WP1: Remote Sensing of Rapid Thaw Processes

Within WP1, we map rapid thaw features and rates across the pan-Arctic using high-resolution satellite imagery and AI-based detection methods. We combine declassified Corona and Hexagon imagery from around 1970 with recent Planet imagery from around 2025 to produce a multidecadal dataset on thermokarst lake formation, lake shore erosion, and thaw slumping.

Using Convolutional Neural Networks, semi-supervised segmentation, vision transformers, and the DARTS AI-based processing pipeline, we identify, classify, and track disturbance types across broad environmental gradients. WP1 results guide rapid thaw parametrization in WP3 and WP6 and support upscaling of greenhouse gas fluxes in WP4.

WP2: Ground Temperature and Thaw Subsidence Field Observations

Within WP2, we establish a distributed observational network at selected long-term monitoring sites in Alaska, Canada, and Finland to investigate ongoing and potential near-future rapid thaw subsidence. We monitor ice-rich permafrost settings including Yedoma formations, peat plateaus, palsas, thermokarst ponds and lakes, gullies, and thaw slumps.

Using Campbell and Hobo Onset sensors, we measure air and ground temperature, liquid water content, and snow dynamics, complemented by near-surface ice and organic matter measurements. Repeated high-resolution drone surveys quantify interannual thaw subsidence and support model verification. We further develop site-specific numerical models to simulate permafrost dynamics, talik formation, and thaw subsidence under present-day conditions and future SSP2 and SSP5 scenarios.

WP3: Rapid Thaw Processes Modeling and Ground Ice Projection

Within WP3, we develop model representations of rapid thaw processes and ground ice dynamics to address a major blind spot in current Earth System Models. We simulate the evolution of ice-rich permafrost landscapes from the Last Glacial period to today, focusing on how gradual and rapid thaw interact and how past landscape evolution shaped present-day ground ice distribution, topography, and hydrological networks.

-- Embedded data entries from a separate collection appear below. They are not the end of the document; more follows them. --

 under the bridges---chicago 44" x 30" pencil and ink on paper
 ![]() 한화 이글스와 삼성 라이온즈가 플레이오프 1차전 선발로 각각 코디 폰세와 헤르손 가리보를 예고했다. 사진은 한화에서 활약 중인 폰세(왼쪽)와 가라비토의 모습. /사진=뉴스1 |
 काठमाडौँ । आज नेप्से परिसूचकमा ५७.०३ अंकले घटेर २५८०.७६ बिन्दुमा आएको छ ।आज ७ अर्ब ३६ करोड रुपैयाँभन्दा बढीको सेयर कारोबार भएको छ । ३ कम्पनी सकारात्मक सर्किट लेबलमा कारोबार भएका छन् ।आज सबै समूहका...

We enhance CryoGrid(Lite) using laterally coupled tiles to represent rapid thaw processes while maintaining process complexity at large scales. We further incorporate lateral processes such as gullying, slumping, and lakeshore erosion as stochastic elements within the CryoGrid tiling framework. Using PMIP4-CMIP6 experiments together with SSP2 and SSP5 climate projections, we conduct pan-Arctic simulations of past and future thaw dynamics and associated uncertainties.

WP4: Fate of Abruptly Thawed Permafrost Carbon in Terrestrial and Aquatic Systems

Within WP4, we investigate how abruptly thawed permafrost organic matter decomposes and contributes to CO₂ and CH₄emissions in terrestrial and aquatic systems. We combine field observations, laboratory experiments, and pan-Arctic datasets to study thermokarst lakes, thaw slumps, thawing peatlands, streams, rivers, and other thaw-affected landscapes.

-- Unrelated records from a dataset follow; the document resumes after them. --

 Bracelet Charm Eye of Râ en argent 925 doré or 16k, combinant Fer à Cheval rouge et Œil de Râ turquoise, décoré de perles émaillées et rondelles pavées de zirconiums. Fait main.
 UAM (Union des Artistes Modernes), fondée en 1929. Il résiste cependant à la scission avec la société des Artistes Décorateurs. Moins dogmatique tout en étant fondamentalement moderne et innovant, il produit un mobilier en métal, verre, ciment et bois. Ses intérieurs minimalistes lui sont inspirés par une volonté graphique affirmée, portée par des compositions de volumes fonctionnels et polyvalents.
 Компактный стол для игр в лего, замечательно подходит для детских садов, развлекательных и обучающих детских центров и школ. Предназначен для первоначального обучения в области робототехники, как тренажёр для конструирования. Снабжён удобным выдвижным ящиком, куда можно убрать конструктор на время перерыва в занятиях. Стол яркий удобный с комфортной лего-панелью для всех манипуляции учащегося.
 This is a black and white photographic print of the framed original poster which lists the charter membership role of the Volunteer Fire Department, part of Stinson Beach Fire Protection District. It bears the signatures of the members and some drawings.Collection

We collect new field data along thaw gradients in Yedoma and non-Yedoma landscapes in Alaska, Canada, and Finland, while also leveraging datasets such as BAWLD-CH4 and ABCflux. Plot-scale in-situ CH₄ and CO₂ fluxes, isotope measurements (14C, 13C), laboratory incubations, and climate chamber mesocosm experiments help us quantify greenhouse gas production, decomposition processes, nutrient release, and carbon turnover under realistic environmental conditions.

WP5: Synthesis of Pan-Arctic Carbon Stocks and Ground Ice from Improved Landform Mapping

Within WP5, we produce new pan-Arctic maps of periglacial landforms, soil carbon, nitrogen, and ground ice to support improved modeling of thermokarst and rapid thaw dynamics. We use several thousand field observations and more than 20 existing high-resolution landform maps to train RF and ANN algorithms that predict landform types from geospatial datasets.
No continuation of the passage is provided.